The pandemic was like a supercharger for e-commerce and stay-at-home activities in general. But it may also have marked the end of an era of massive growth for Amazon’s e-commerce operations. Under Andy Jassy, ​​who will take the helm in 2021, Amazon has broken away from Jeff Bezos’ aggressive expansion strategy to focus on cost cutting and profitability.

Since last fall, Amazon has laid off 27,000 employees across all its divisions. The company has also reduced and optimized its less profitable business activities Distribution and fulfillment network. So far, the new policy is showing the expected results.

Second-quarter operating income rose 132% year-over-year to $7.7 billion, driven by major cost savings in the North American e-commerce segment. In the coming years, investors should expect e-commerce to become more of a cash cow than a growth driver as the company leverages its industry-leading scale and Network effects To maintain a moat against rivals.

Management may also implement its aggressive cost-cutting strategy in the international e-commerce division, further boosting Amazon’s profitability.

Artificial intelligence can supercharge AWS growth

According to CEO Andy Jassy, ​​AI is “one of the biggest technological transformations of our lifetime.” And with some analysts expecting the total opportunity to reach $2 trillion by 2030, it will play a big role in Amazon’s performance over the next few years.

The company is investing in the opportunity through Bedrock, a tech service designed to help its enterprise clients build generative AI applications on Amazon Web Services (AWS), Amazon’s cloud computing platform.

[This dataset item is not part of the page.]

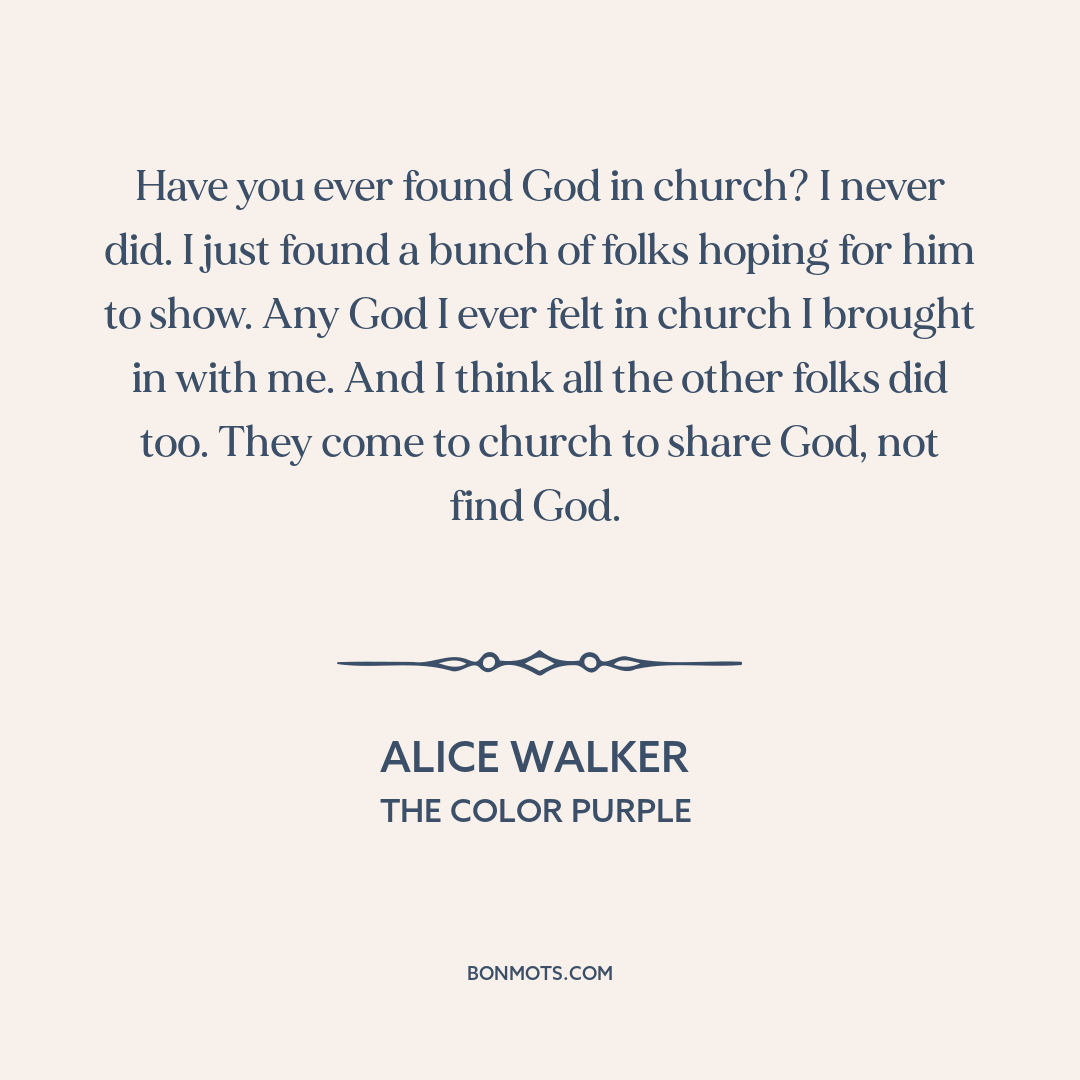 Have you ever found God in church? I never did. I just found a bunch of folks hoping for him to show. Any God I ever felt in church I brought in with me. And I think all the other folks did too. They come to church to share God, not find God.

It provides tools and computing power to these businesses when they bring in their own custom data, saving them the cost and complexity of building their own training infrastructure from scratch.

A green arrow moving upwards on a black background

Image source: Getty Images.

In the coming years, AI-related demand will likely represent an increasing percentage of AWS revenue, adding to the segment’s jump-start growth and greater diversification. The company will also invest in other opportunities, such as digital advertising, which generated $10.68 billion in revenue in the second quarter, a 22% year-over-year growth rate.

Amazon may increase its premium valuation

Stock valuations often involve significant expectations of a company’s future performance. After a rocket-ship rally of 61% year-to-date, shares have become very expensive. Next Price-to-earnings (P/E) multiple is significantly greater than 42 S&P 500 25 on average.

With that said, over the next three years, investors should expect Amazon to increase its premium valuation as cost-cutting and AI-driven growth lead to sustainable bottom-line improvements. It’s not too late to buy stocks.

John Mackey, former CEO of Whole Foods Market, is a member of the board of directors of Amazon subsidiary, The Motley Fool. Will Ebifung does not have a position in any of the stocks mentioned. The Motley Fool recommends Amazon.com. Motley Fool has a disclosure policy.